Defence ministers and officials from around 50 nations met today in Ramstein, Germany to discuss the ongoing war in Ukraine, at the 20th meeting of the Ukraine Defense Contact Group.
The US convened the first meeting of the group in April 2022. At that time its largesse in supplying material and moral support to Ukraine gave it the undisputed right to coordinate the efforts of its European allies. But more recently, an emergency bill to secure $60 billion of future funding for Ukraine has been blocked, and the long-term future of US support seems more uncertain.
While the US is not suddenly absent from the cause, its leadership role is becoming more unpredictable.
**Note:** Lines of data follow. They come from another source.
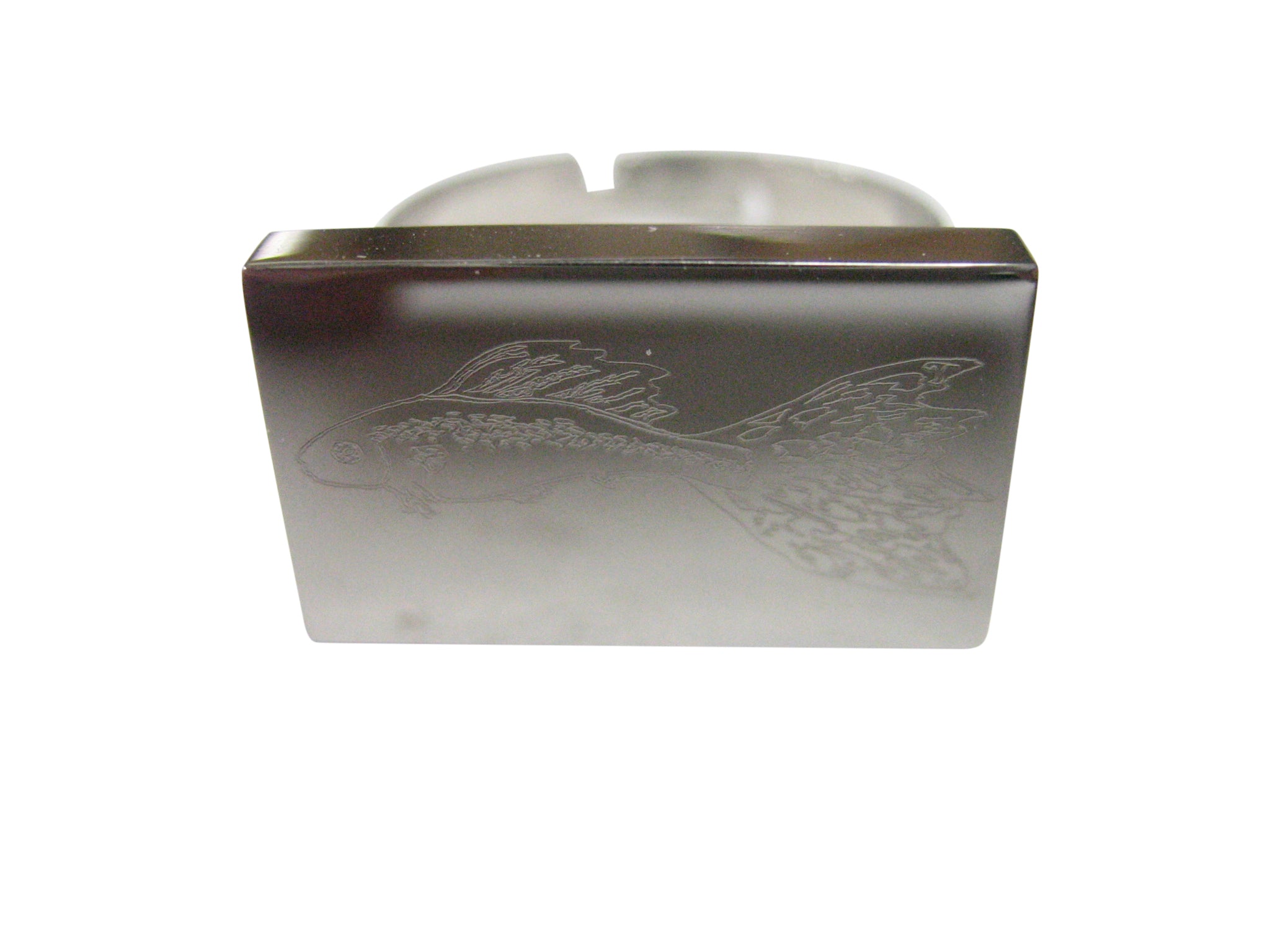 Silver Toned Rectangular Etched Guppy Fish Adjustable Size Fashion Ring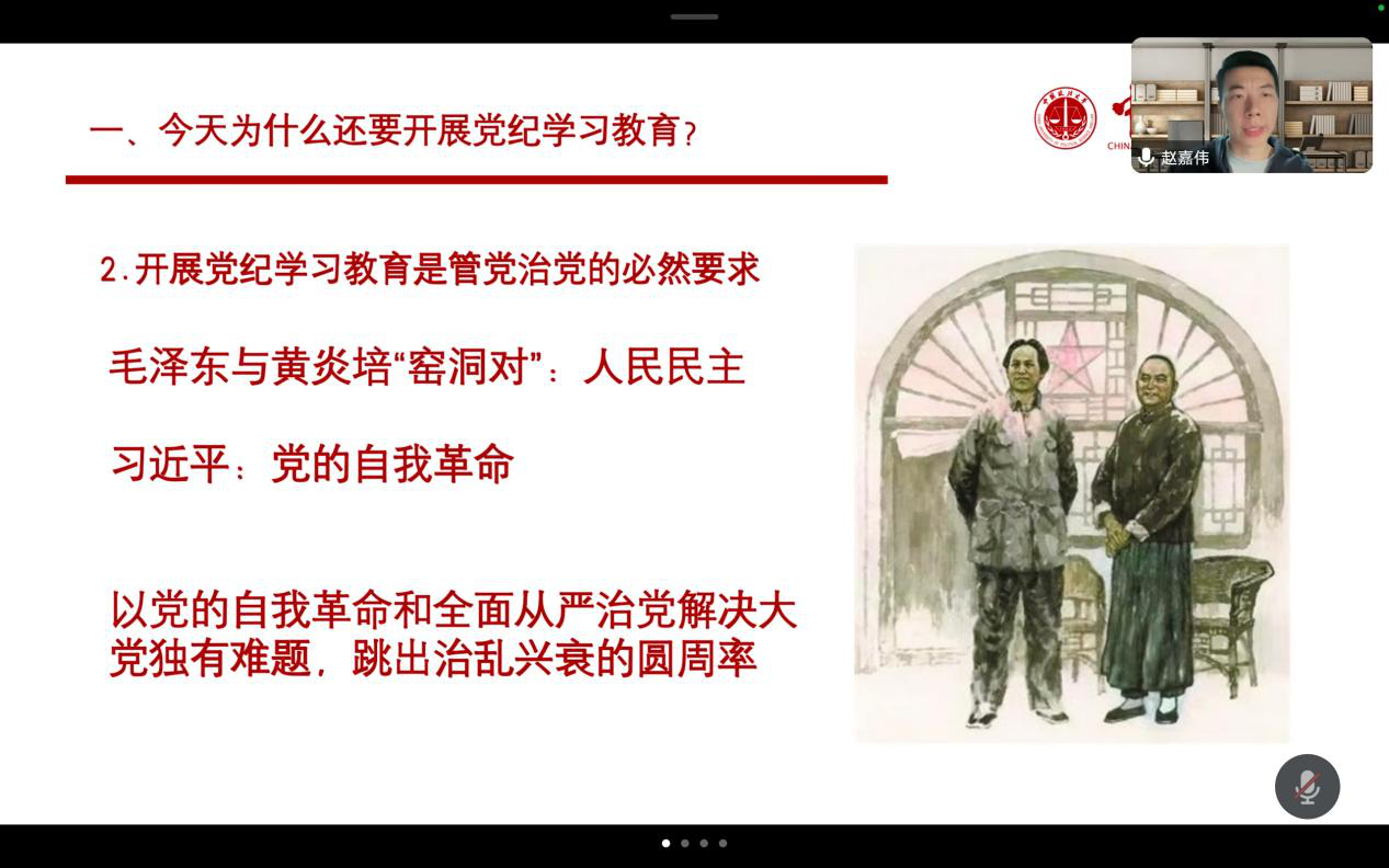 为深入推进党纪学习教育,引领青年党员牢固树立法治观念、纪律意识,6月5日晚上,公司硕士研究生第二党支部联合中国政法大学刑事司法公司2022级刑诉一班党支部,共同举办了2024年春季学期第四期“学习思想,创新青年”读书会。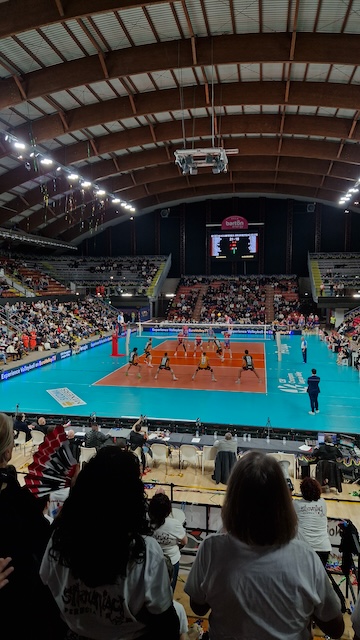 Er stellte uns dann auch den Vertreter des Hauptsponsors Sir Sicoma vor, der ebenso mit einem Fanschal ausgestattet, das Spiel von der VIP-Tribüne aus verfolgte. Da die tolle Gastfreundschaft im VIP-Bereich verhinderte, dass wir noch die geplante Übergabe von Fanutensilien mit den Sirmaniaci vor dem Spiel vollziehen konnten, verschoben wir dies einfach in die Satzpause nach dem ersten Satz. Super freundlich empfangen wurden wir unsere Sachen in Windeseile los, schauten in freundliche und zugewandte Gesichter, und Michele, der bereits mit dem orangen 7. Mann-Käppi im Fanblock stand, lud uns ein, den 2. Satz bei ihnen im Fanblock zu verbringen, was wir dankend annahmen. So wurden wir Teil der supertollen Stimmung in der Pala Barton und konnten dann auch das immer wieder harmonische Miteinander mit der anderen Fangruppe, der Curva Norte, genießen. Im Fanblock der Sirmaniaci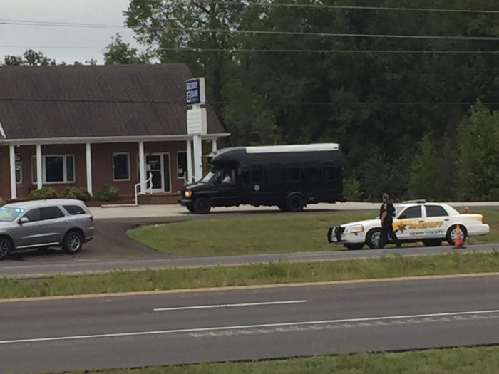 Upon Sheriff Belew’s arrival at the bank, he was able to clear the area of any immediate threat. “He then inspected the package and was able to see what he believed was an explosive device,” according to a press release issued this afternoon by the sheriff’s office.
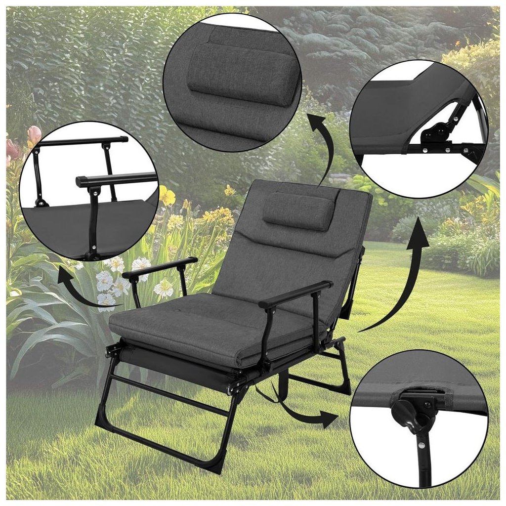 Užite si plnohodnotný relax v záhrade, na terase alebo na výlete v prírode s multifunkčným ležadlom 2v1 Springos®. Tento praktický a štýlový produkt vám poslúži nielen ako pohodlné záhradné kreslo, ale aj ako plnohodnotná kempingová posteľ, ideálna na dlhší oddych vonku. Model GC0067 kombinuje funkčnosť, odolnosť a pohodlie v jednom kompaktnom a ľahko prenosnom balení.
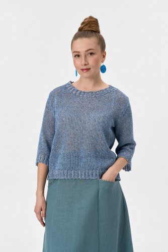 Джемпер укороченный умеренного объема на резинке. Рукав втачной до локтя. Вырез горловины округлой формы.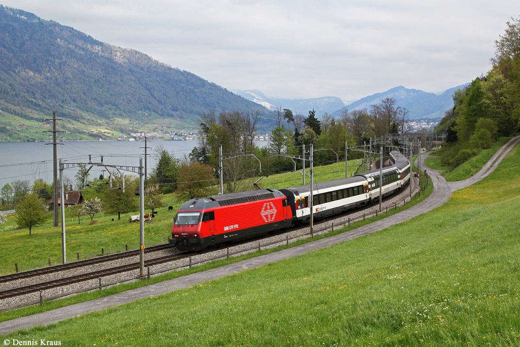Re 460 077 mit einem IR am 19.04.2014 bei Immensee.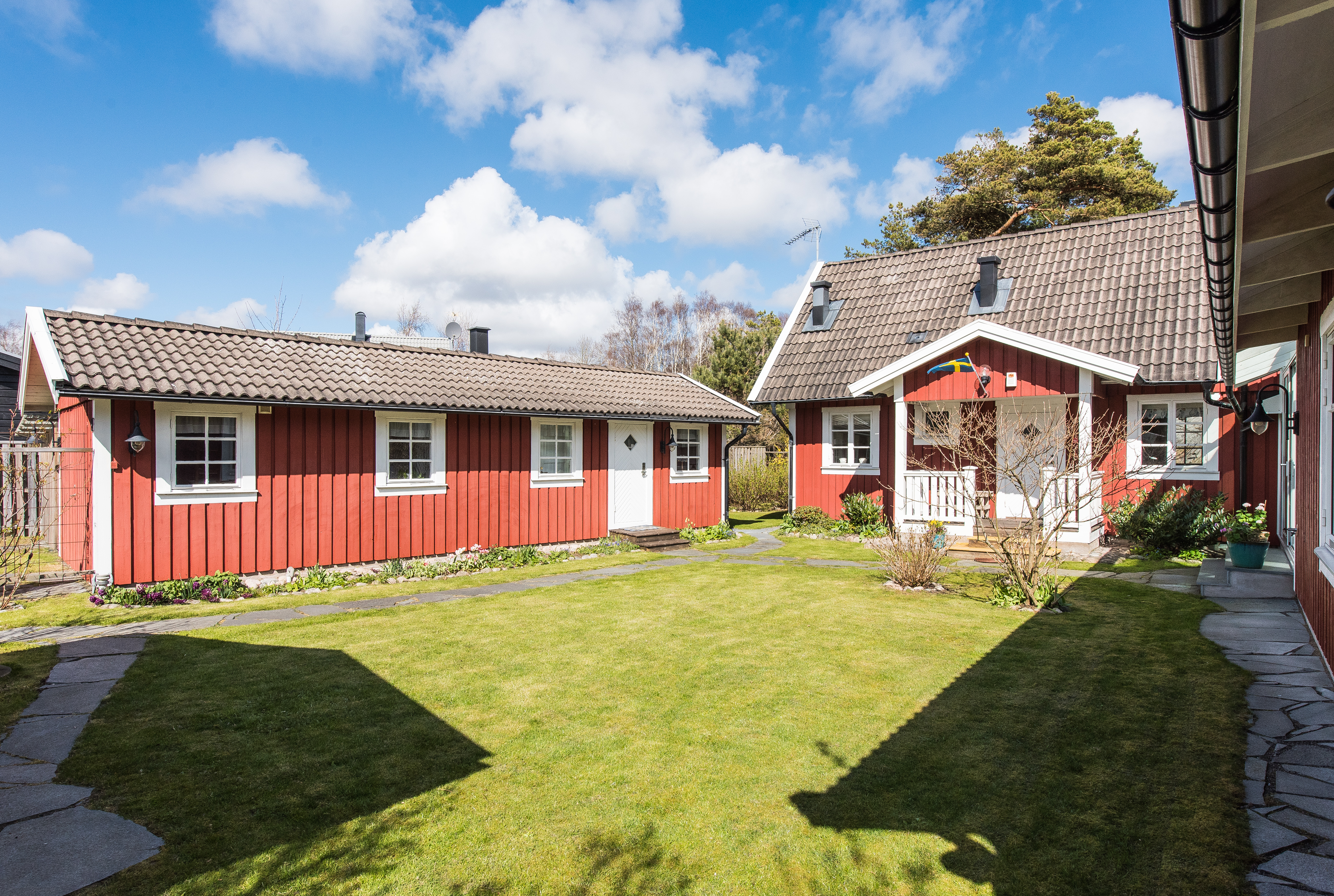 Fristående gästhus om ca 50 kvm. I entrén har ni avhängning och till höger ett sovrum. Till vänster har ni tvättstuga kombinerat med dusch och bastu. Innanför finns det en separat toalett som är helkaklad med handfat och WC. I gaveln mot biluppställningsplatsen finns ett uppvärmt redskapsförråd. Vid andra gaveln finns ett låsbart kallförråd för trädgårdsmöbler etc.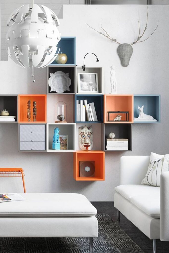 Living rooms often lack small storage spots for books, décor, and everyday items. A grid of cube shelves turns a plain wall into a functional display.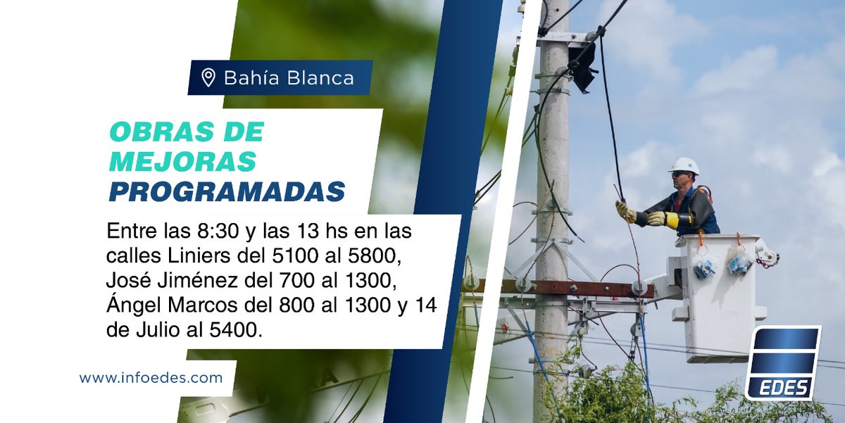 La empresa EDES anunció que realizará varios cortes de energía durante este viernes, por tareas de mantenimiento y mejoras.
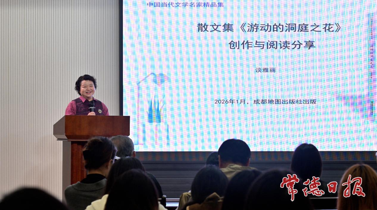 读书分享会上,常德市作家协会主席谈雅丽则围绕新作《游动的洞庭之花》,分享创作历程。她讲述了自己在洞庭湖进行田野调查的经历,被珍贵物种和爱鸟人的坚守深深打动,因而写下了这部作品。现场有读者深受共鸣,主动朗读书中片段,赢得阵阵掌声。针对新书创作感受的提问,谈雅丽坦言,是洞庭湖的景物与生灵给予了她写作的力量。现场还进行了谈雅丽新书签名活动。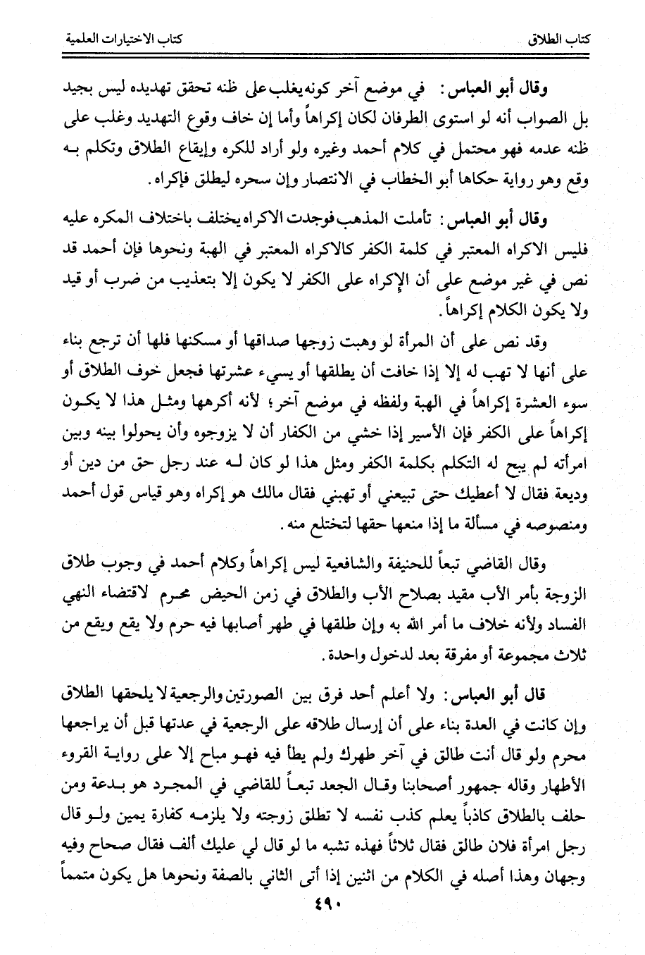 وَقَالَ أَبُو الْعَبَّاسِ: تَأَمَّلْت الْمَذْهَبَ فَوَجَدْت الْإِكْرَاهَ يَخْتَلِفُ بِاخْتِلَافِ الْمُكْرَهِ عَلَيْهِ فَلَيْسَ الْإِكْرَاهُ الْمُعْتَبَرُ فِي كَلِمَةِ الْكُفْرِ كَالْإِكْرَاهِ الْمُعْتَبَرِ فِي الْهِبَةِ وَنَحْوِهَا فَإِنَّ أَحْمَدَ قَدْ نَصَّ فِي غَيْرِ مَوْضِعٍ عَلَى أَنَّ الْإِكْرَاهَ عَلَى الْكُفْرِ لَا يَكُونُ إلَّا بِتَعْذِيبٍ مِنْ ضَرْبٍ أَوْ قَيْدٍ وَلَا يَكُونُ الْكَلَامُ إكْرَاهًا.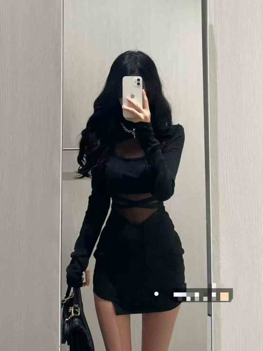 [月亮]:网纱拼接德绒辣妹长袖连衣裙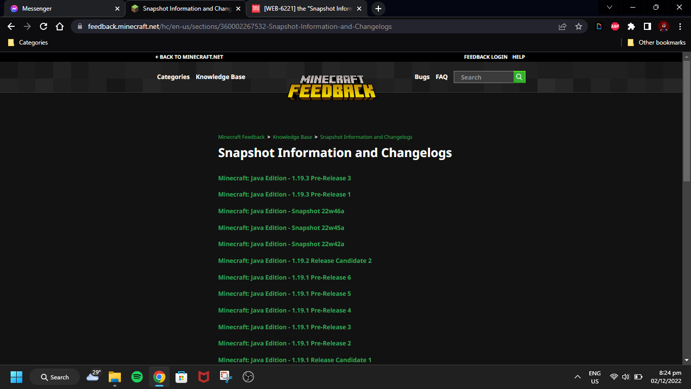 Components: feedback.minecraft.net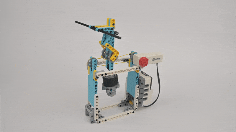 Use Nezha Pro Sport Kit to build a tightrope walking robot. The motor drives the rubber band (simulating the steel wire) to rotate, and the friction force transmission drives the unicycle figure above to ride stably. The unicycle figure achieves balance through the center of gravity control structure design (such as low center of gravity base, counterweight block), without the assistance of sensors. Let learners understand the principle of friction force transmission, the relationship between center of gravity and balance, and the application of mechanical structure in motion simulation in practice.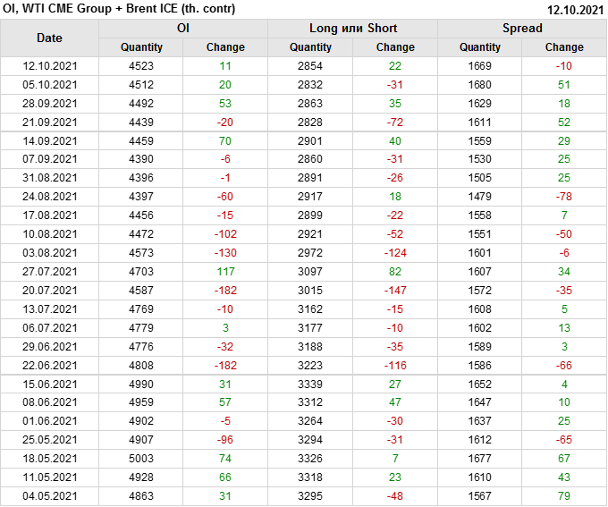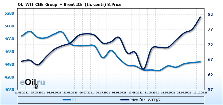 Brent+WTI. Открытый интерес на 16 октября 2021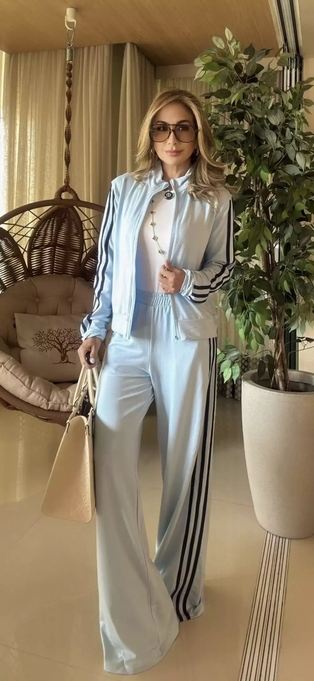 Use o conjunto completo com um tênis minimalista em couro branco ou off-white e uma bolsa tote estruturada.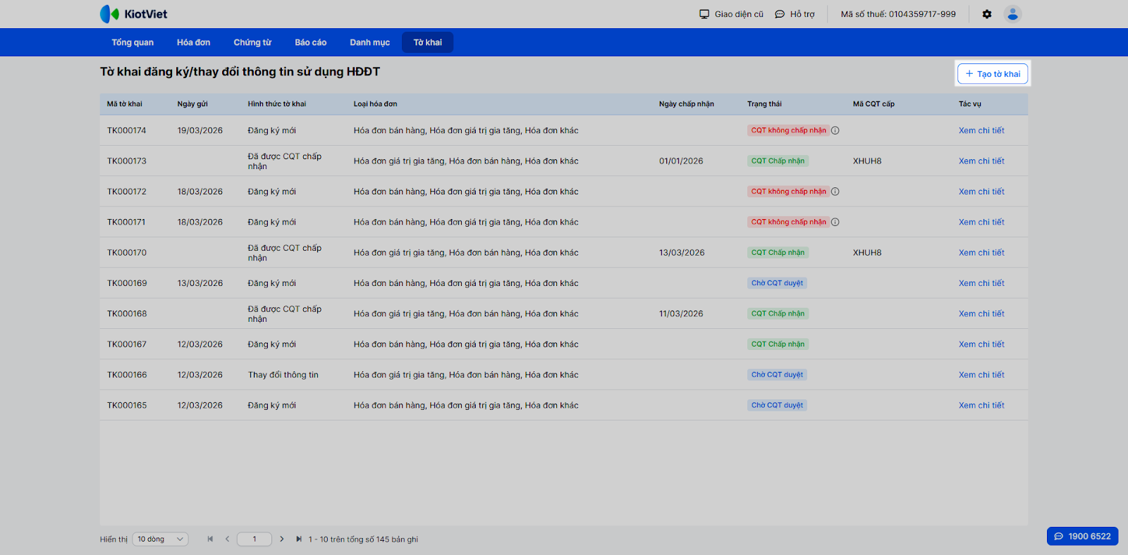 - Tình huống: Cửa hàng của bạn vừa chuyển sang sử dụng Hóa đơn điện tử (HĐĐT), bạn cần mở màn hình trên KiotViet để tạo tờ khai mới gửi Cơ quan Thuế.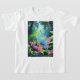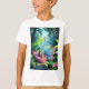 Une petite fille et un papillon aux ailes irisées perchés sur une fleur géante dans une jungle luxuriante, accompagnés d'un toucan coloré. De grandes fleurs feuilles et vibrantes les entourent, créant une scène magique et fantaisiste. Photoshop Art numérique CS6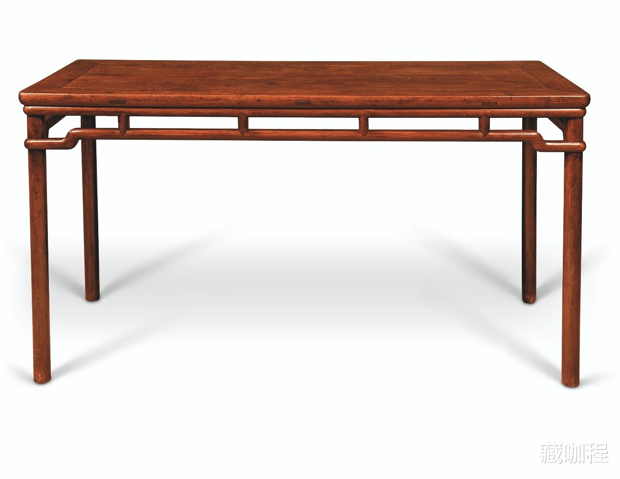 赫维宁汉庄园藏黄花梨裹腿罗锅枨画桌,长158.2宽73高87.6厘米,三维比前者均大一点,边抹立面乃冰盘沿而非素混面,面心板四角也不是圆弧形。

In these circumstances, Ukraine’s most ardent European backers could find themselves struggling to prevent the Western effort becoming fractured and piecemeal.
The UK should now act to prevent that, by taking a more prominent leadership role and engaging with European partners – though it is a task that recent developments indicate will be far from easy.
Steadfast UK support and European disagreements
The UK can make a reasonable claim it has played a galvanizing role in support to Ukraine. It has provided a significant proportion of direct military aid and training, but also played a role in coordinating international assistance. It has consistently set the pace of support, sending anti-tank missiles even before the invasion and sending tanks and longer-range missiles sooner than other allies.
UK Defence Secretary Grant Shapps travelled to Kyiv on 7 March to announce a major support package covering the supply of drones and other equipment. Shapps said Ukraine must be given all it needs to win, in another demonstration of the clarity in the UK’s commitment.
But that steadfastness is part of a rapidly changing and increasingly complex wider picture of Western support for Ukraine – one where the outlook for European coordination is currently discouraging. In a dramatic few weeks, events in Paris and Berlin have created very public disagreements among European allies.
In late February, France’s President Emmanuel Macron suggested that the future deployment of NATO soldiers to Ukraine should not be ruled out.
This would be a step-change in strategy and Western allies’ appetite for risk. Even if NATO soldiers hypothetically deployed in rear echelon roles, backfilling Ukraine’s stretched armed forces at the front, it would officially place them in harm’s way in Ukraine for the first time.
Macron’s suggestion of ‘boots on the ground’ was rejected out of hand by London, Berlin and Washington DC. A Downing Street spokesman reiterated that ‘we do not have any plans to make large-scale deployments’.
This sensitive matter of operational security placed Britain front and centre in a further dispute that erupted with another European ally.
In March, Russia publicized an intercepted call featuring senior German military officers, discussing how British-supplied Storm Shadow missiles were being operated in Ukraine, and whether Germany’s Taurus missiles could be used to destroy the Kerch Bridge.
Officials in London were angered by this leak, since it endangered the operational security of a key part of UK military support and revealed that there were additional UK military personnel in Ukraine.
Foreign Secretary David Cameron visited Berlin shortly afterwards renewing calls for Germany to supply its Taurus missile system to Ukraine, arguing this would not be escalatory (which was the main line of German reluctance).
Alliance disagreements are par for the course in any joint effort between democratic countries. And efforts have been made to show European unity: last week, EU countries agreed an additional €5 billion for the European Peace Facility (EPF) to boost the support for Ukraine. And on the 15 March Marcon, German Chancellor Olaf Sholtz and Polish Prime Minister Donald Tusk also met as a show of agreement on Ukraine.
But disagreements this year seem more serious than in the past, when they took place in a context of undisputed US leadership. With the full-scale war entering its third year, and US support more uncertain, effective European cooperation is vital to Ukraine’s war effort.
Ukraine has now signed separate bilateral security agreements with the UK, France, Germany, the Netherlands, Italy, and the UK. These are important ways for these countries to demonstrate their long-term commitments to Ukraine’s security.
However, without effective coordination, there is a real possibility that individual countries retreat into their national boltholes when deciding how to help Ukraine, or work more closely with some than others. Support could arrive piecemeal and in inefficient fashion, with no European country able to coordinate and corral the others.
The UK faces the pressing question of whether to expand its galvanizing position on Ukraine: should it devote greater diplomatic resources and prestige to driving European defence collaboration – and what kind of impact could it realistically have?
An expanded UK role
The UK has already taken important steps to expand its leading role providing specific capabilities to Ukraine – recently taking on co-leadership of the ‘drone coalition’ in the Ukraine Defense Contact Group.